Metal sektöründe çalışan bir işçiyim. Yaptığımız iş ağır. Ramazan ayındayken patron bizden öğle molasında da çalışmamızı istiyordu. Patronlar biz işçileri işyerlerinde durmadan çalıştırmak istiyorlar. Ramazan ayında işyerinde yaşadığım olayı sizinle paylaşmak istedim.

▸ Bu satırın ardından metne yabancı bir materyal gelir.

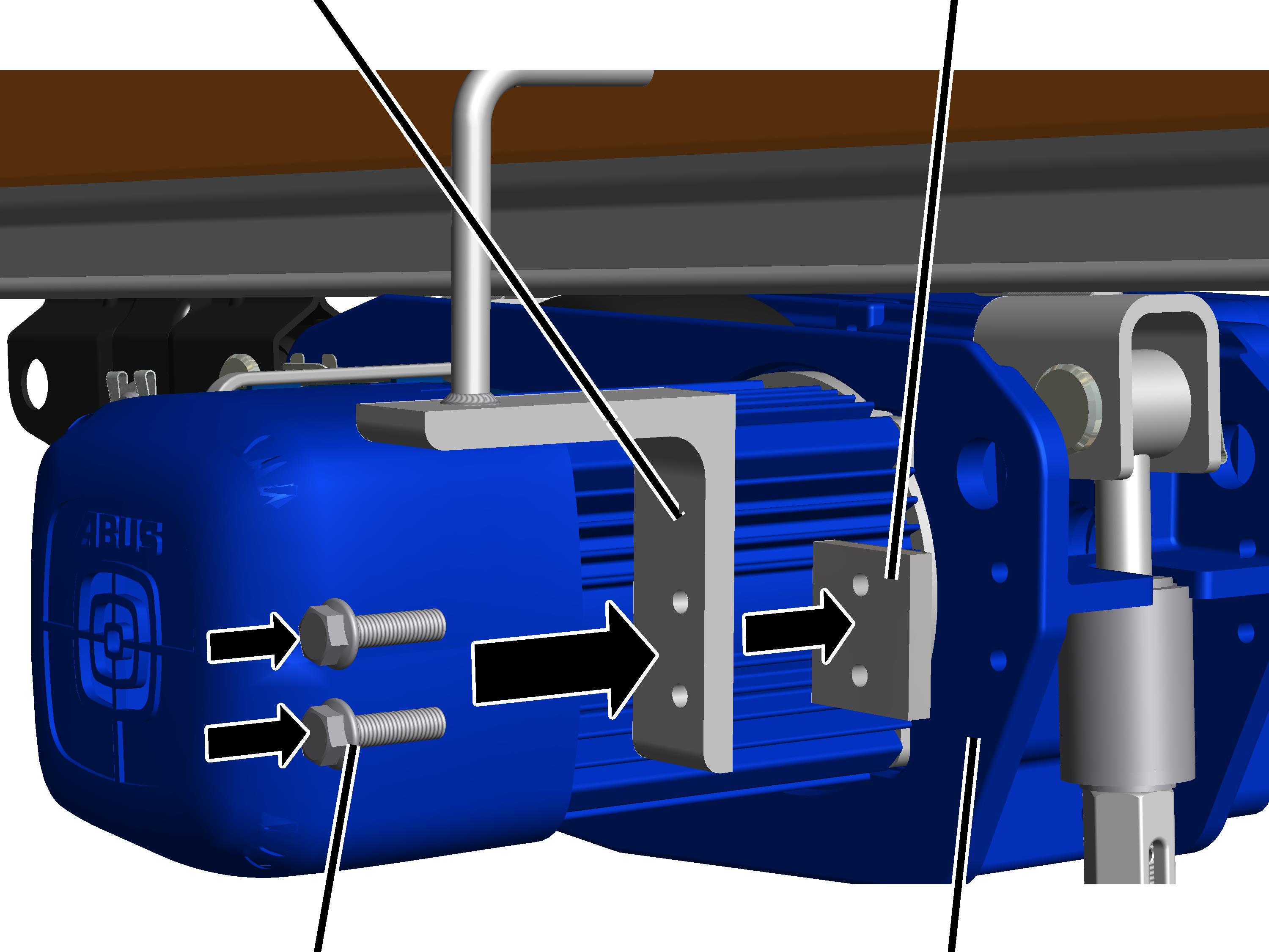 ─ El interruptor de cruceta con el cable de conexión corto se monta en a la viga de la grúa, en el lado en que se ha montado el mando. El interruptor de cruceta con el cable de conexión largo se monta en en el extremo opuesto de la viga de la grúa.
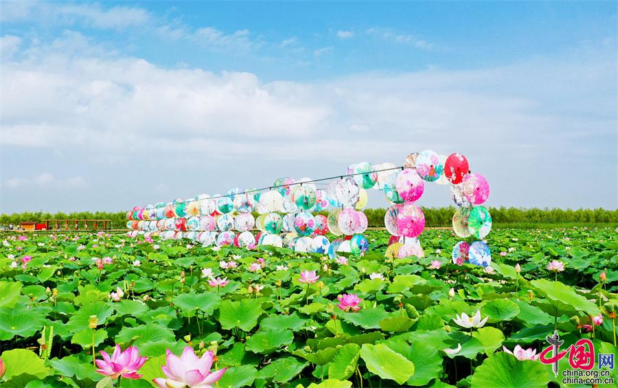 七八月份,正是荷花競(jìng)相盛開(kāi)的季節(jié),寧夏沙湖景區(qū)利用淺灘和鹽堿地種植觀賞性荷花,在湖東游線深處打造了西北沙漠旁的“萬(wàn)畝荷花苑”,為景區(qū)夏日增添一抹韻味。成片的荷花在西北的驕陽(yáng)下熠熠生輝,構(gòu)成“接天蓮葉無(wú)窮碧”的塞上秀美荷塘景觀。
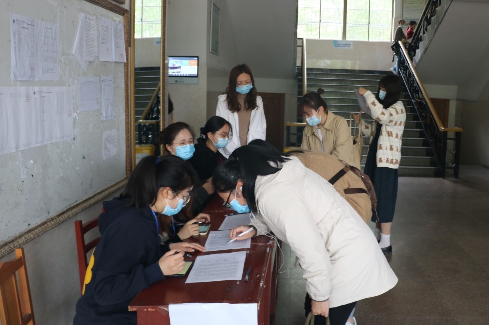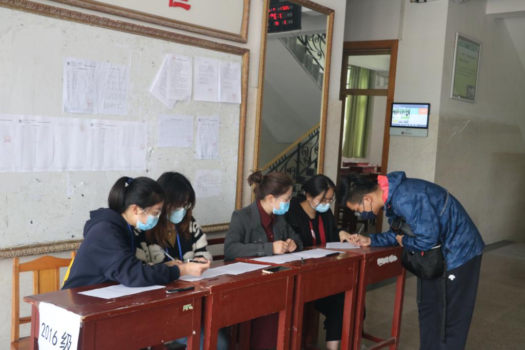 早上七点三十分,在疫情防控常态化及引导工作的管理下,伟德国际BETVlCTOR员工代表在学院门口帮助考生们进行体温测量。进门后,两侧分别为15级、16级考生的登记处,伟德国际BETVlCTOR全体辅导员及团委员工会部分员工干部为考生登记信息并维持进场秩序,为未佩戴口罩的同学提供防疫用品,保障考试的顺利进行,并鼓励考生们放平心态,沉着应对。
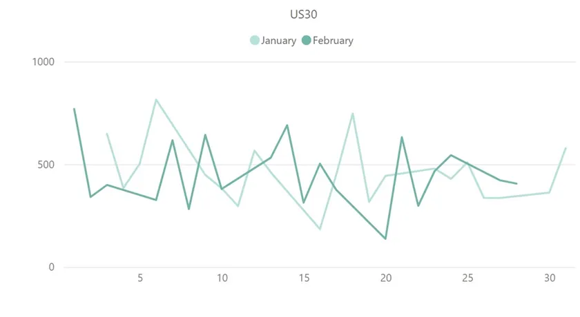 ダウ平均株価(US30)の1月と2月のボラティリティ推移を比較した上記グラフから、2月のダウ平均株価は他のCFD銘柄と比べて、ボラティリティの低下が少ない銘柄だったことが確認できました。1日当たりの平均ボラティリティでは、1月が約460pipsに対して2月は約453pipsとほとんど変動がありません。1日当たりの最大ボラティリティを記録したのは、翌日に米国小売売上高の発表を控えていた14日の689.9pipsです。注目度の高い材料だったため、リスク回避のためにポジション解消の動きがあり、ボラティリティが高まったと考えられます。

İşyerimde öğle paydosundayken patron yanıma gelip “neden oturuyorsun?” diye sordu. Ben de yemek paydosunda olduğumu söyledim. O zaman yemek yemeye gitmemi söyledi. Ben de ona oruçlu olduğumu söyledim. “O zaman çalışmaya devam et, makineni çalıştır” dedi. Ben de “paydos etmek için illa orucumuzu mu bozalım, oruç tutuyorsak illa çalışmamız mı gerekiyor?” dedim. Patron “yok öyle demek istemedim, sen beni yanlış anladın” diyerek yanımdan uzaklaştı. Bana molamda çalış diyen patron aynı zamanda beş vakit namazını kılan, dini bütün bir insanım diye geçinir. Hâlbuki işçisinin yemek paydosuna gözünü dikmiş durumda. Bu da gösteriyor ki patronların dili, dini ırkı yok. İnsana, inancına saygı göstermiyorlar. Onların gözü kârdan başka bir şey görmüyor.
Ben susup bir şey demeden çalışmaya gitseydim patron diğer günlerde de öğle paydosunda çalışmamızı isteyecekti. Biz işçiler patronların düzenine karşı saf tutmalıyız. Patronların bizi sömürmesine ve haklarımızı gasp etmesine izin vermemeliyiz. Bunun yolu da işçilerin işyerinde örgütlenmesinden geçer.